Aug 2024
Designing with AI: Speed, Judgment, and Human Taste
A reflection on where AI accelerates design research and generation—and where empathy, aesthetics, and self-reflection still matter.
Over several months, I explored AI through Harari’s Sapiens: A Brief History of Humankind, The Age of AI and Our Future, Professor Hung-Yi Lee’s Introduction to GenAI, NN Group’s Design Taste vs. Technical Skills in the Era of AI, and Tetiana Gulei’s LinkedIn Learning course Using AI in the UX Design Process. These sources led me to reflect on two areas of design work: research and generation.
AI in design research
Expanding a search without adding the same time cost
In competitor analysis, large language models can help broaden an initial search for direct and indirect competitors. For example:
“I am creating a fitness app for professionals aged 24–36 in the Netherlands. Identify ten leading fitness apps in the local market for this audience.”
The output can then be refined for a specific need, such as comparing strengths and weaknesses.
Reconsidering the sequence of research activities
AI can quickly generate many possibilities, which led me to reconsider the order of activities such as personas and interviews. Traditionally, personas are synthesized from interview data, as in my earlier design project. With AI, a team could first generate possible personas, then use stakeholder discussions and user interviews to examine them.
AlphaZero offers a related example: its chess strategies emerged through training rather than direct human instruction. It shows how AI can surface possibilities that established methods may not anticipate.
Drafting and refining interview questions
AI can quickly draft and refine interview questions. Providing structure, context, a role, or examples can help it produce more useful prompts, including icebreakers.
Considerations in research
My main considerations are empathy, data security, accuracy, the time frame of source data, and whether the context is B2B or B2C. I am especially concerned with empathy: sensitive topics and the feelings of interviewees still require human attention.
AI in design generation
Generating storyboard images
I used Adobe Firefly to create two before-and-after images in about 45 minutes. Compared with searching for suitable images or arranging a photo shoot, the process saved time. The details were imperfect—the helmet appears to float above the person’s head—but the images still served their communication purpose.
“A semiconductor company's training center integrating AR into the training process. “


Using the AEIOU framework—Activities, Environments, Interactions, Objects, and Users—to structure the prompt helped me generate images closer to what I needed.
Creating custom avatars and photos
Figma plugins such as Freepik also helped me generate customized avatars and photos for design output.
Objective communication and subjective expression
I find AI most useful for objective images and illustrations, such as scenario diagrams. It is less effective for work grounded in subjective emotion or personal expression. Brand identities, personal logos, calligraphy, and similar work are closely connected to individual experience, observation, imagination, and aesthetics.
At the Hengshan Calligraphy Art Center, I encountered 黃伯思’s 對酒當歌,人生幾何. The work made me wonder whether AI could reproduce Cao Cao’s experience of his era or imagine a contemporary calligrapher replacing the traditional brush with fabric. This piece was created with fabric rather than written with a brush.

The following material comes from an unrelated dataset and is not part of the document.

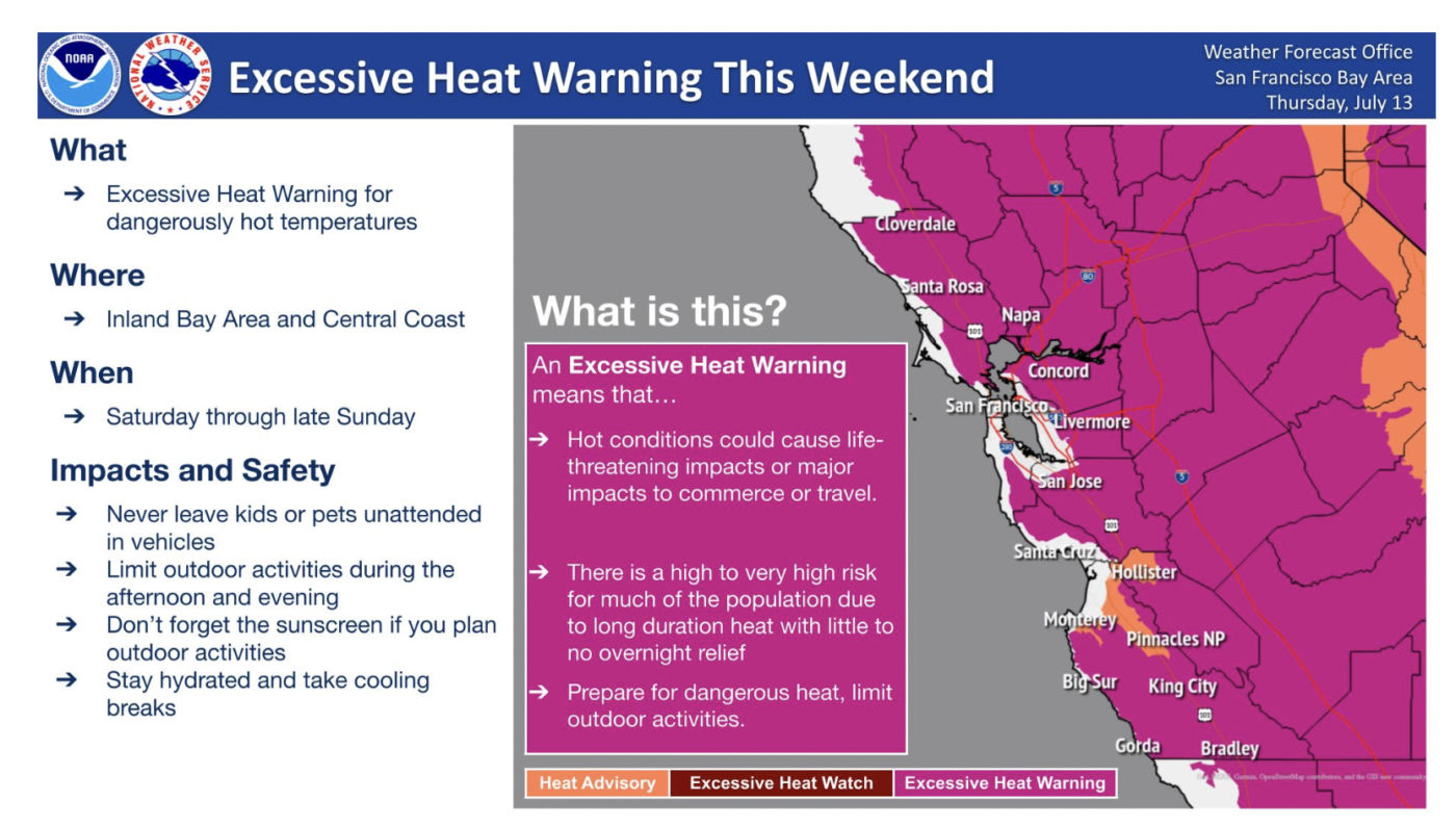 Around Town Here’s what you need to know about this weekend’s heatwave By Exedra Staff and Bay City News | July 14, 2023 Excessive heat warning, health advisories, "Spare the Air" alert, and more.
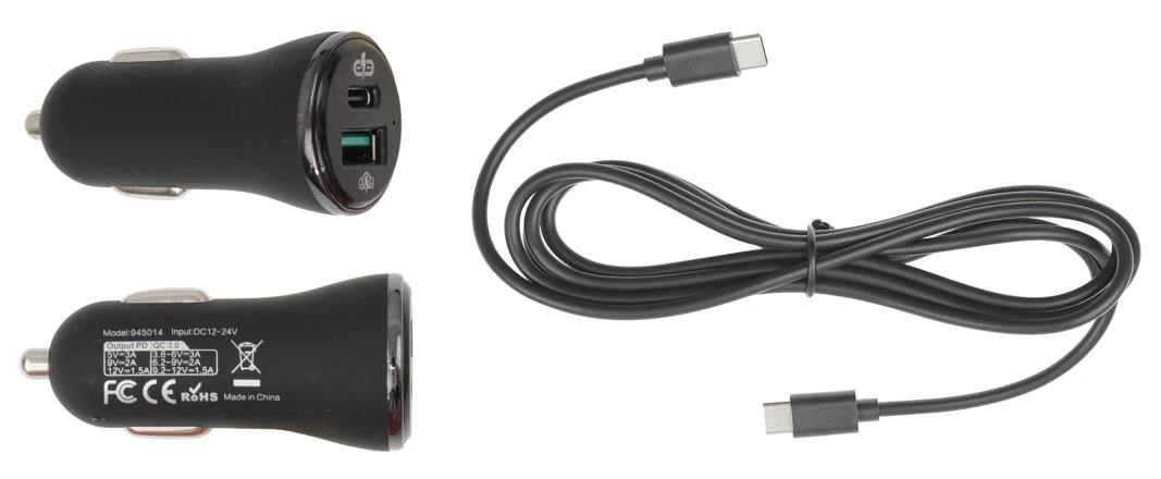 Cig-Plug Adapter, USB-A and USB-C interface, Quick Charger 3.0, 5V, 2.4A, incl.: USB-C to USB-C cabl

Calligrapher Tong Yang-Tzu’s 知其白守其黑 is another work that resonates with me.

I also continue to find Lindon Leader’s 1994 FedEx logo remarkably clever.

I believe the language-based generation of LLMs still struggles to produce work rooted in this kind of experience and expression.
Reflection
AI can accelerate time-consuming work such as searching for information, organizing material, and generating visual possibilities. At the same time, I believe empathy, aesthetics, and self-reflection remain important parts of a designer’s value, and each requires long-term cultivation.
Naval Ravikant has suggested refreshing our skills every nine months. As AI accelerates the work around us, I want to keep developing both my technical tools and my human abilities.
From a historical standpoint, I view the AI revolution with optimism. Revolutions have always centered around information and energy. The Agricultural Revolution enabled the accumulation of information through settlement. The Industrial Revolution harnessed fossil fuels for energy conversion. The Technology Revolution, driven by computers and the internet, facilitated boundless information transmission. As for the AI Revolution? Turing designed the first computer in 1943, and AI was measured by its ability to mimic human intelligence. However, with advancements in algorithms and computational power, AI now surpasses human rationality, challenging how we create and process information.
I also recommend Professor Hung-Yi Lee’s course for an accessible and humorous introduction to AI. As a non-technical learner, I found the first five lectures especially enjoyable.